Bettina Nygaard Nielsen and the Paediatric Research Team managed to conduct the clinical trial in a timely way. “We managed to recruit 379 participating children in only 11 months, and we are very thankful for the support from all the parents who gave consent for their children to participate and the parents also appreciated in follow-up calls from the clinic the day after surgery,” she says.
No genuine interest in funding paediatric trials
“In my opinion the market for paediatric labelled drugs has too little attention. There is no genuine interest in funding paediatric clinical trials. This is a big shame,” says Bettina Nygaard Nielsen. “We will continue to focus on paediatric clinical studies to improve the treatment of children. For example we want to determine better administration systems of for instance sedating and pain-relieving drugs, like replacing injections with a nasal spray for treatment of acute pain in children” Bettina Nygaard Nielsen ends.

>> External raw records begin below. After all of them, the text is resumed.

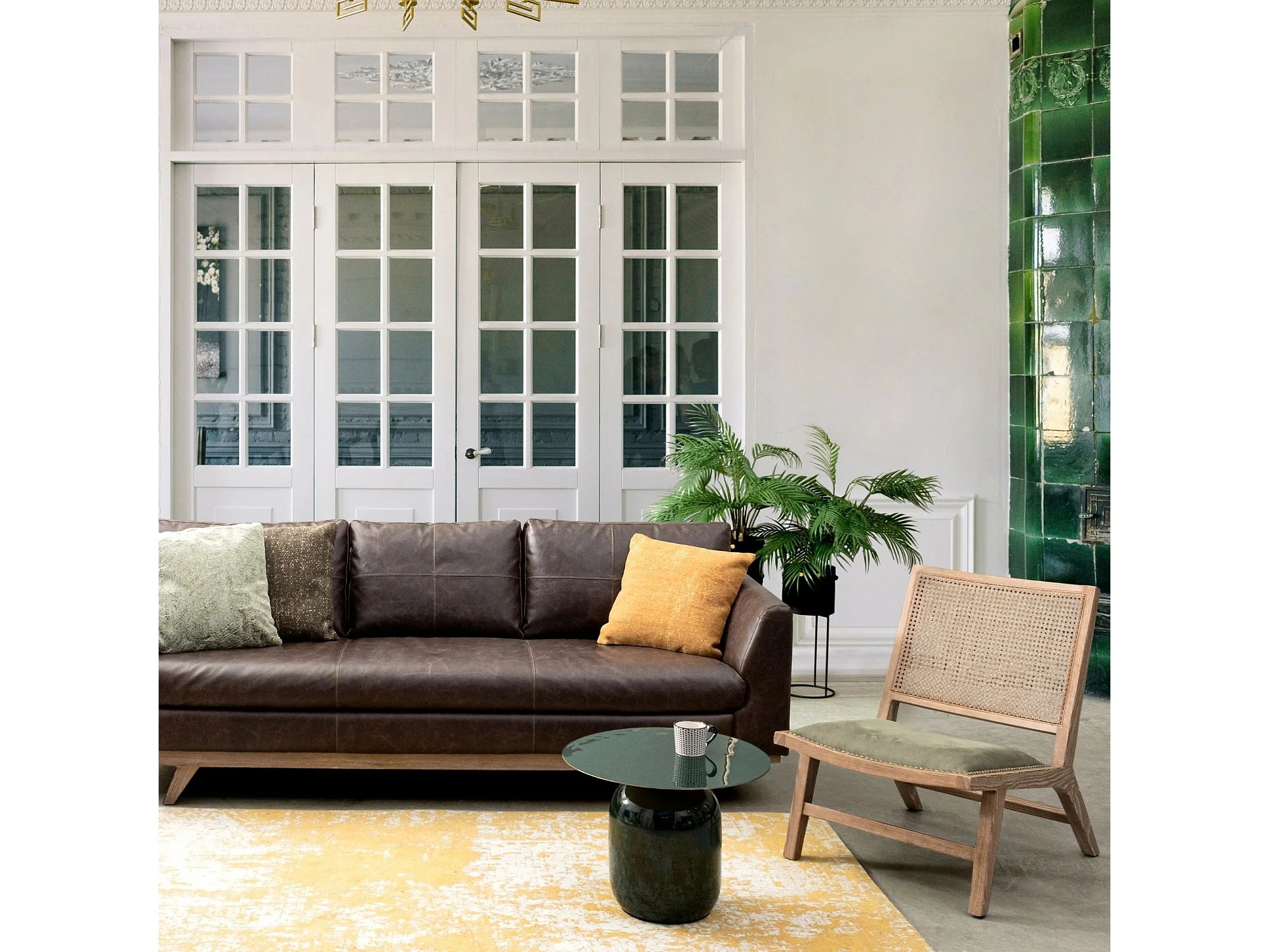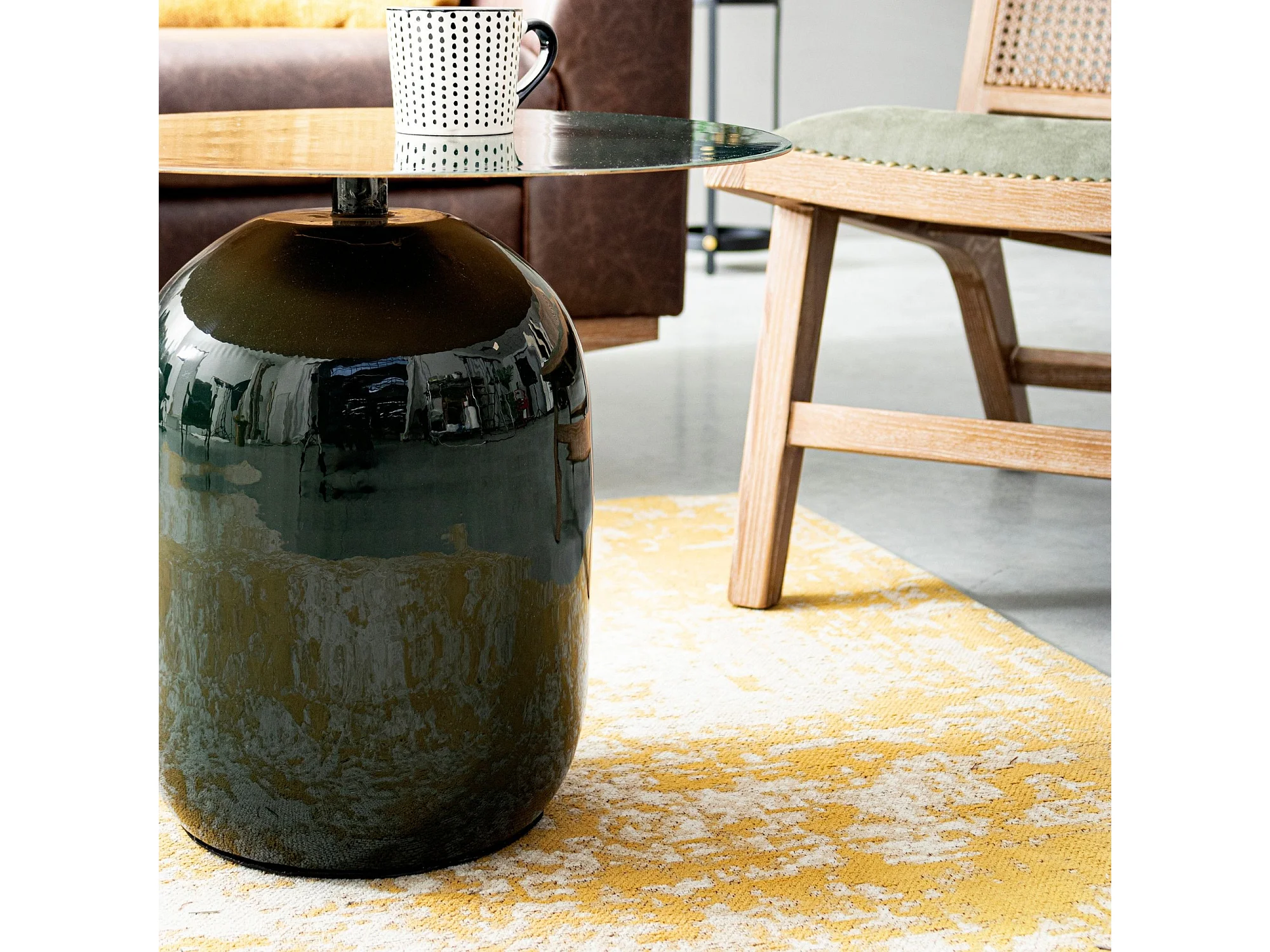 Bout de canapé rond en métal émaillé vert D50 - MANILA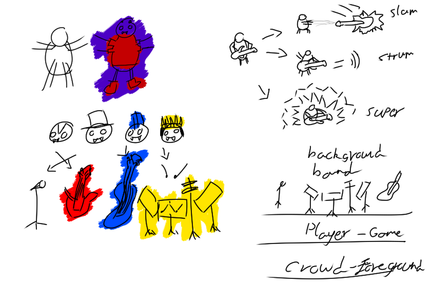 Style: Looks like a high school sketch inspired by old flash games such as fancy pants adventures (2006). This style will allow me to make my own assets faster without having to focus on consistency as character's animations will purposely look rough. I decided to be messy with the colouring of characters and colouring outside the lines as to make it look more like a drawing made by someone young and I think it complements the rock theme as it can be seen as being loud visually while doing something different from the colouring of the stage which will remain inside the outline.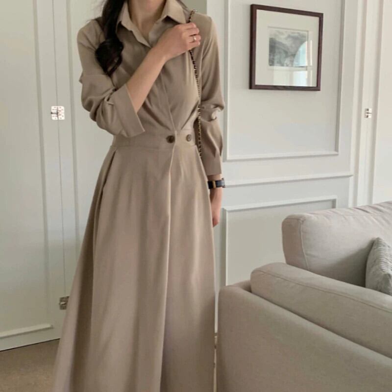 送料無料 ヴィンテージシックなターンダウン襟 A ラインボディコンドレス女性長袖スリムドレス Vestidos ブラック ロング Aライン ビンテージ AE008878755435456733

In 2008, the European Medicines Agency (EMA) made a regulatory requirement for new not yet approved drugs. An application for marketing approval shall contain either results of all studies performed in compliance with a paediatric investigation plan (PIP) or a waiver or deferral granted by EMA. In 2009, EMA issued a requirement regarding approved patent protected drugs. Any application for new indications, a new pharmaceutical forms or new routs of administration shall include results of all studies performed in compliance with PIP approved by EMA and a waiver or deferral granted by EMA. From 2007 approved out-of-patent drugs may receive a paediatric-use marketing authorisation (PUMA) provided the necessary data in accordance with a PIP. Such an authorization paves the way for an extended data and marketing protection.